→ **INFORMATION PROVIDED**
* * * *

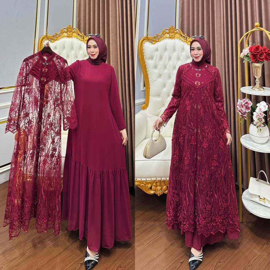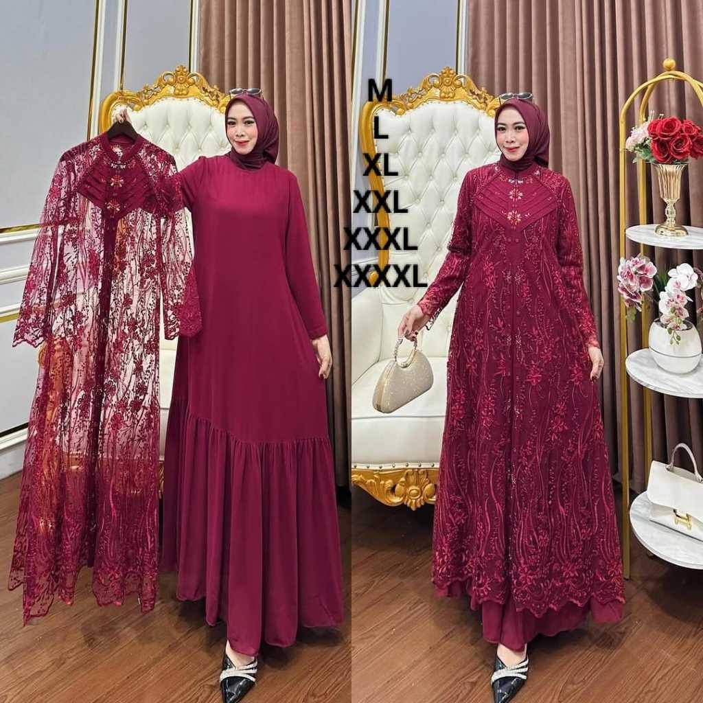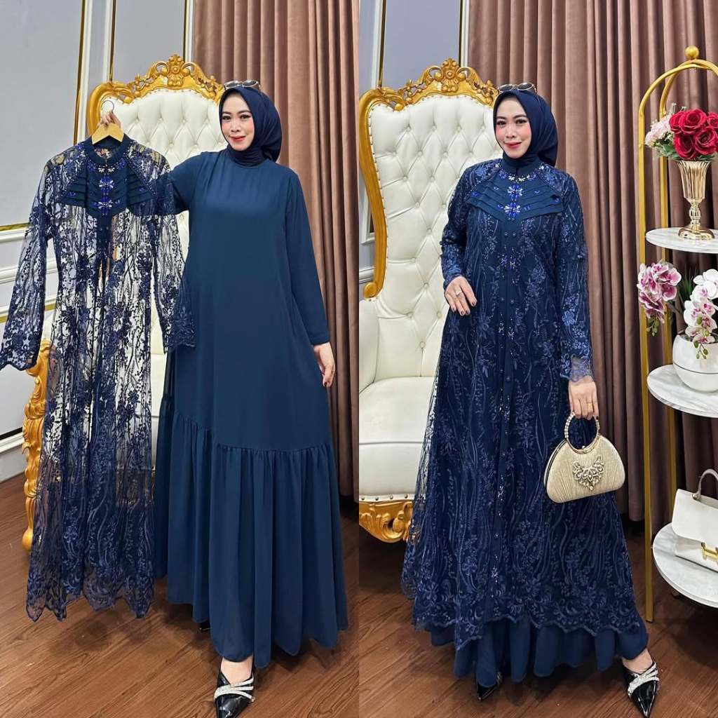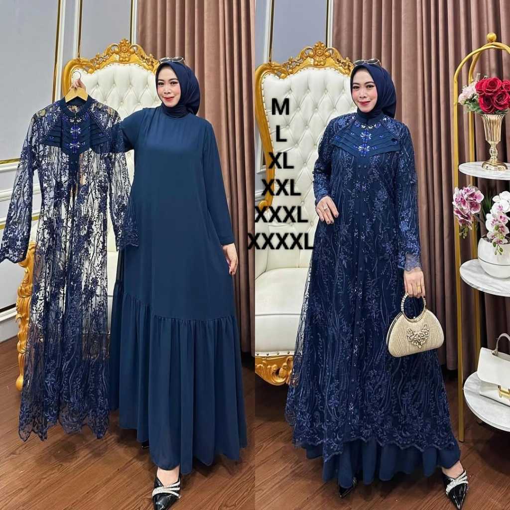 GAMIS INARA SET OUTER JUMBO M L XL XXL XXXL XXXXL SERIAN TERBARU NAVY MAROON // GAMIS KONDANGAN WANTA TERBARU 2025 /
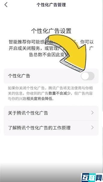 3. 点击【个性化广告管理】,滑动按钮关闭【个性化广告】就可以了。
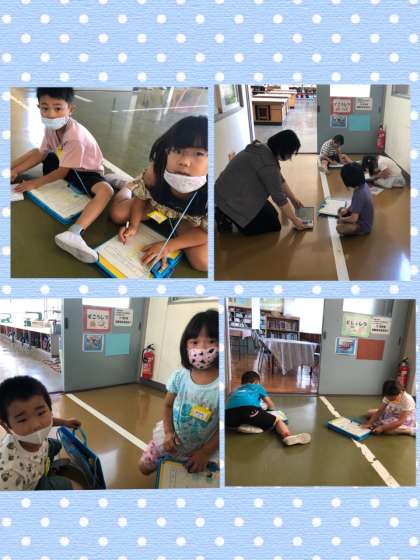 自分たちの力で,決められた場所まで行き,扉に貼ってある色画用紙の色をワークシートに塗ります。2人ペアで協力して,ワークシートの色を塗ることができました!
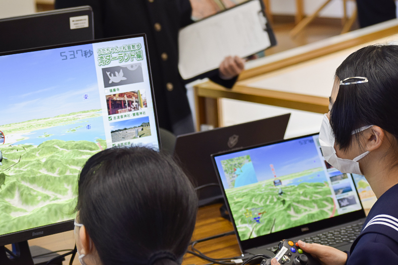 こうした授業のほか、ゆるキャラと飛行機で巡るバーチャルツアーゲームやデジタルサイネージ、スマホをかざすと写真の上に動物が飛び出して見えるARを体験していただきました。

* * * *

The reply should consist of the listing restated word for word, with its pictures removed.

→ **RESULT FOR THIS TASK**
 GAMIS INARA SET OUTER JUMBO M L XL XXL XXXL XXXXL SERIAN TERBARU NAVY MAROON // GAMIS KONDANGAN WANTA TERBARU 2025 /
 3. 点击【个性化广告管理】,滑动按钮关闭【个性化广告】就可以了。
 自分たちの力で,決められた場所まで行き,扉に貼ってある色画用紙の色をワークシートに塗ります。2人ペアで協力して,ワークシートの色を塗ることができました!
 こうした授業のほか、ゆるキャラと飛行機で巡るバーチャルツアーゲームやデジタルサイネージ、スマホをかざすと写真の上に動物が飛び出して見えるARを体験していただきました。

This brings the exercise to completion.